Sophie Morton-Thomas – Das Nest

empfohlen von Wolfgang Hunze u. Kerstin Nowak

Fran lebt mit ihrer kleinen Familie im Marschland Englands in einem abgelegenen Küstenort, wo sie eine Wohnwagensiedlung betreibt. Das tägliche Einerlei des Lebens hat Fran zermürbt. Hinzu kommen Probleme ihres Sohnes Bruno in der Schule. Fran hat sich schon lange in die Welt der Vögel zurückgezogen und beobachtet diese mit dem Fernglas draußen im Marschland, wann immer es möglich ist.

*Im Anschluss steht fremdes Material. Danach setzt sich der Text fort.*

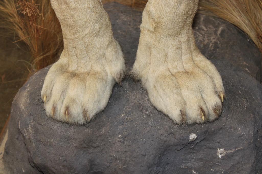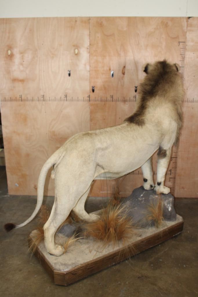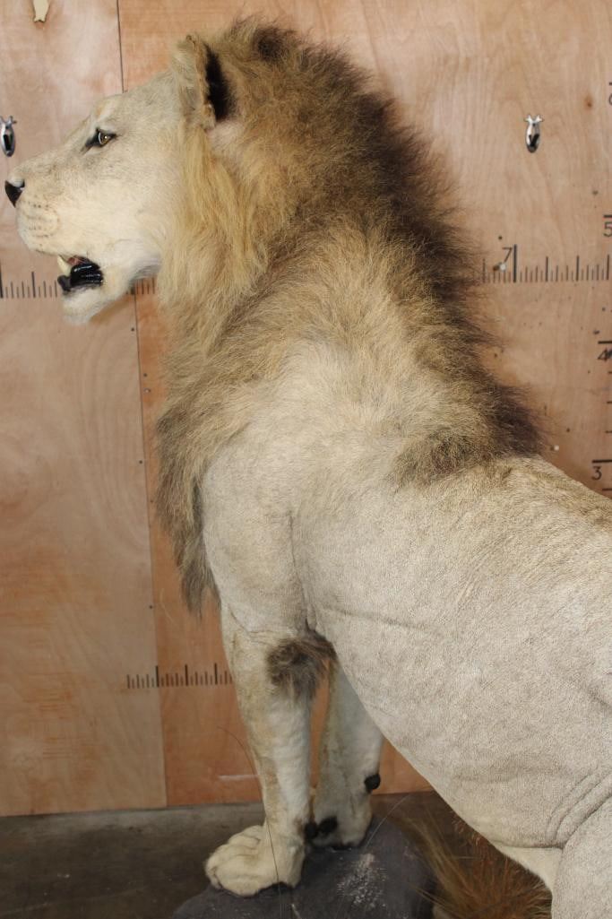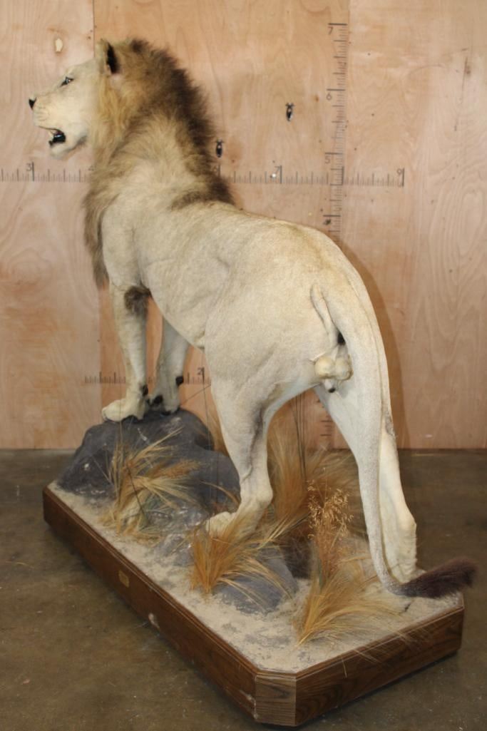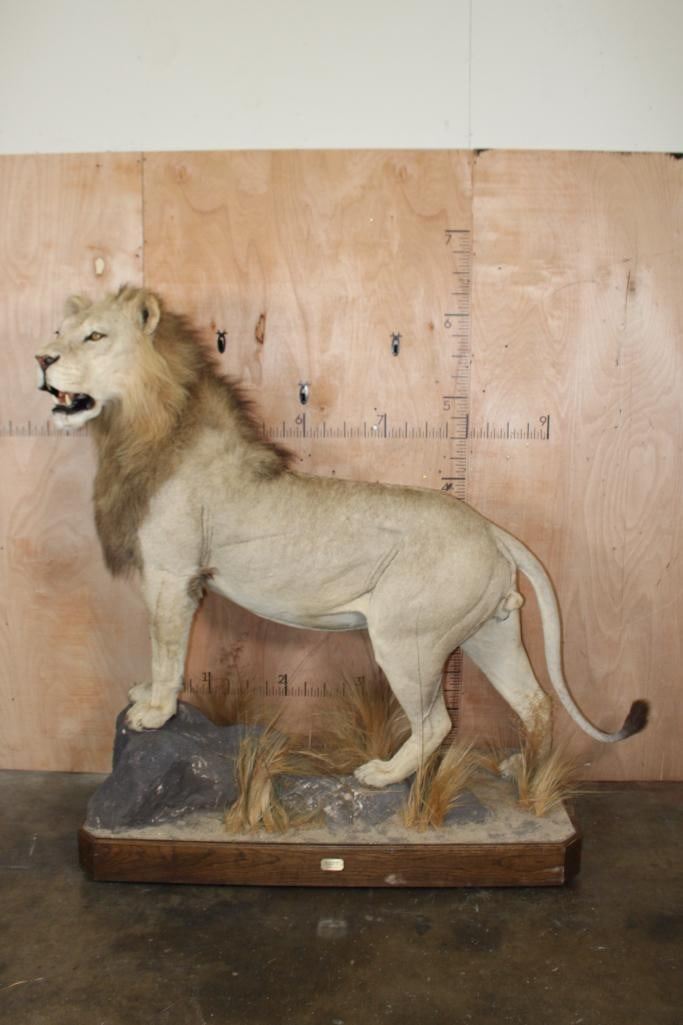 *TEXAS RESIDENTS ONLY*! Big Very Nice and Clean Life-sized AFRICAN LION. He has All his Claws, a great face, and Big Mane. The Total Mount measures 79" Long x 30" Wide x 76" Tall and is Very Good Condition. TAXIDERMY

Dann lassen sich gegenüber Roma nieder. Diese beobachten Fran und ihre Familie sowie die anderen Gäste der Wohnwagensiedlung sehr genau. Auch Fran und ihr Mann behalten die neuen Nachbarn im Auge, mit denen sich Bruno inzwischen angefreundet hat. Plötzlich verschwindet Brunos Lehrerin. Hat Frans Schwager Ellis etwas damit zu tun? Geheimnisse werden enthüllt, die eigentlich tief verborgen waren.

Ganz langsam entwickelt sich dieser “Krimi der leisen Töne” zu einem Familiendrama, der ein völlig unerwartetes Ende bereithält. Er ist sehr unspektakulär, anfangs fast ein wenig langatmig und nimmt erst am Ende “Fahrt auf”. Vorher ist für die/ den Lesende(n) ständig etwas Unbehagliches zu spüren, das jedoch nie greifbar ist. Für uns ist dies ein Roman, der sich wohltuend von anderen “blutrünstigen” Krimis abhebt.

Das Buch ist demnächst im Bestand der Stadtbibliothek vorhanden, aber bisher nicht in der Onleihe ausleihbar.